FGD3 Das CRISPR-Aktivierungsplasmid (h) ist ein aus drei Plasmiden bestehendes synergistisches Aktivierungsmediator-System (SAM), das für eine hocheffiziente, ortsspezifische transkriptionelle Hochregulation des FGD3-Lokus in menschlichen Zelllinien entwickelt wurde. Das System basiert auf einem katalytisch inaktiven Cas9 (dCas9), das zwei inaktivierende Mutationen (D10A und N863A) trägt, welche die Nukleaseaktivität eliminieren, während die DNA-Bindung erhalten bleibt. Dieses dCas9 ist mit VP64, einem potenten Transkriptionsaktivator, fusioniert und wird zusammen mit einem Blasticidin-Resistenzgen zur Selektion koexprimiert. Das zweite Plasmid kodiert das MS2-p65-HSF1-Fusionsprotein, einen sekundären Aktivatorkomplex, der zusammen mit dCas9-VP64 wirkt, sowie ein Hygromycin-Resistenzgen. Das dritte Plasmid kodiert für eine zielspezifische 20-nt-sgRNA, die an zwei MS2-RNA-Aptamere fusioniert ist, welche den MS2-p65-HSF1-Komplex an die Aktivierungsstelle rekrutieren, begleitet von einem Puromycin-Resistenzgen. Die drei Plasmide werden im Massenverhältnis 1:1:1 verabreicht, um eine ausgewogene Expression aller Systemkomponenten zu gewährleisten.

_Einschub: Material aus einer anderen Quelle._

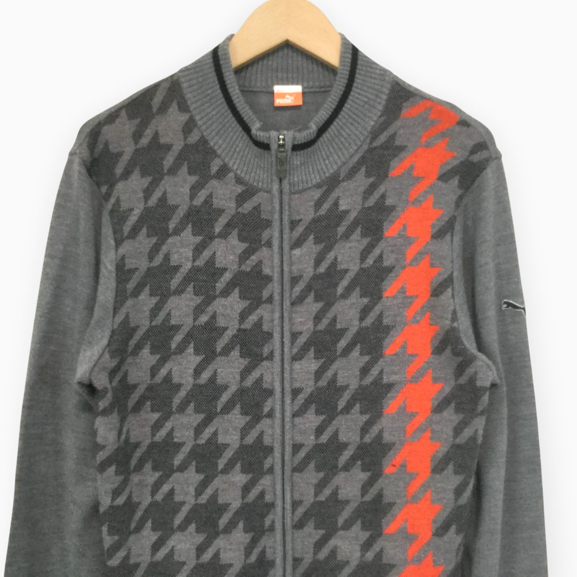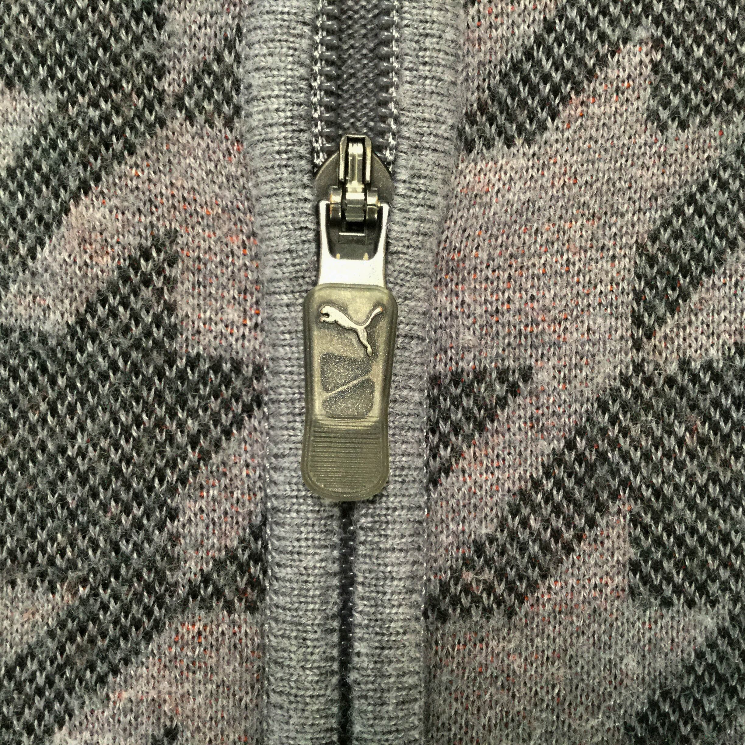 古着 プーマ PUMA 総柄 長袖ジップアップニットカーディガン 日本製 ニットカーディガン ジップアップ ウール混 L グレー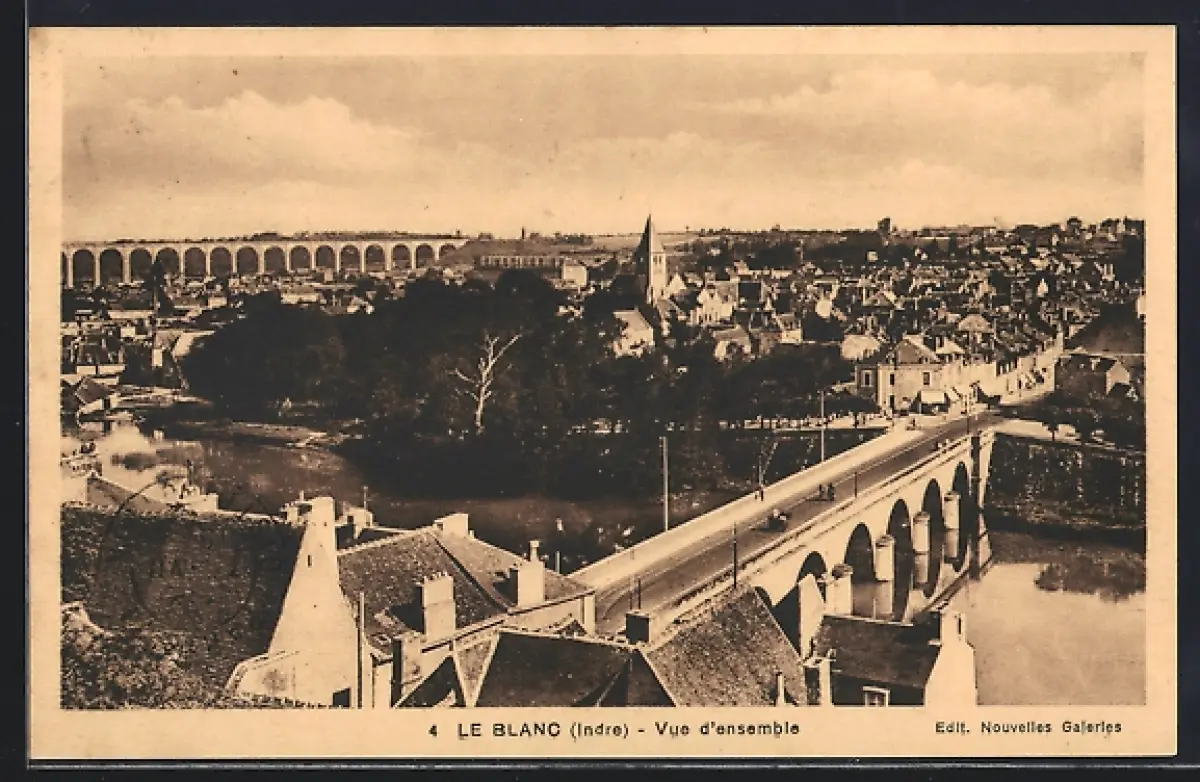 AK Le Blanc /Indre, Vue d`ensemble avec pont et viaduc en arrière-plan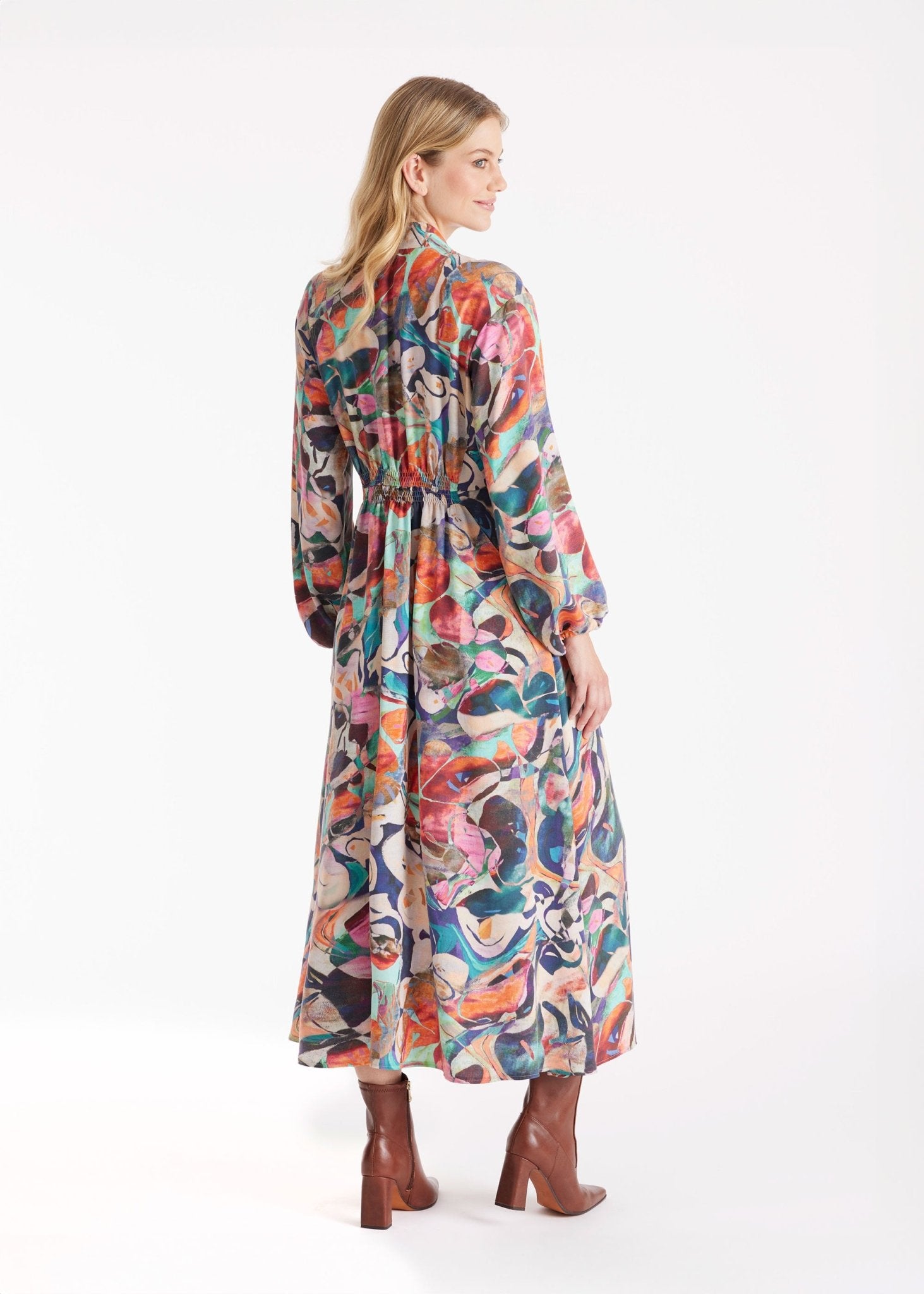 Das Kleid DYOTI strahlt Wärme aus – auch an kühlen Tagen. Der fließende Tencel-Stoff ist angenehm weich und bringt den floralen Print wunderbar zur Geltung. Der V-Ausschnitt und die sanfte Taillierung zaubern eine feminine Silhouette, während die praktischen Eingrifftaschen dem Look eine entspannte Note verleihen. In Kombination mit Stiefeletten und Strick wird dieses Kleid zum stilsicheren Begleiter durch Herbst und Winter.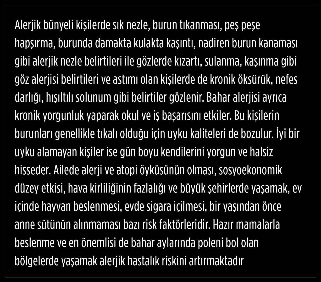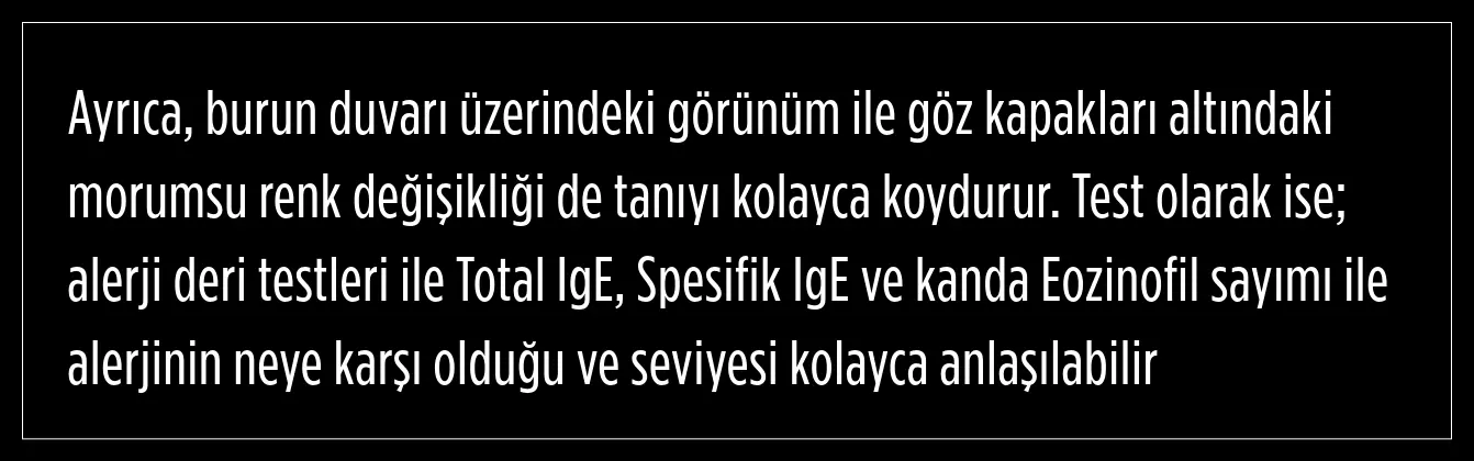 Doktorlar tarafından yapılan muayene ile burun içi mukozanın solukluğu, kızarıklığı ve beyaz şeffaf akıntı ile kolayca tanı konduğunu söyleyen Öztürk, şöyle devam etti:

Nach der Assemblierung am Zielort bindet der SAM-Komplex etwa 200 bp stromaufwärts der FGD3-Transkriptionsstartstelle, wo VP64, p65 und HSF1 gemeinsam die Transkriptionsmaschinerie rekrutieren und die Hochregulation der endogenen FGD3-Expression vorantreiben. Im Gegensatz zu nukleaseaktivem Cas9 verursacht dCas9 keine Doppelstrangbrüche und verändert die genomische Sequenz nicht, wodurch der native FGD3-Locus erhalten bleibt und die Untersuchung von FGD3-abhängigen Transkriptionsreaktionen am endogenen Locus ermöglicht wird. Dies macht es zu einem wertvollen Werkzeug für Funktionsstudien, die Identifizierung von Zielgenen und die Modellierung der Wiederherstellung des FGD3-Signalwegs in Tumorzellen mit stillgelegtem oder reduziertem FGD3-Ausdruck.
Nur für Forschungszwecke. Nicht für diagnostische oder therapeutische Zwecke bestimmt.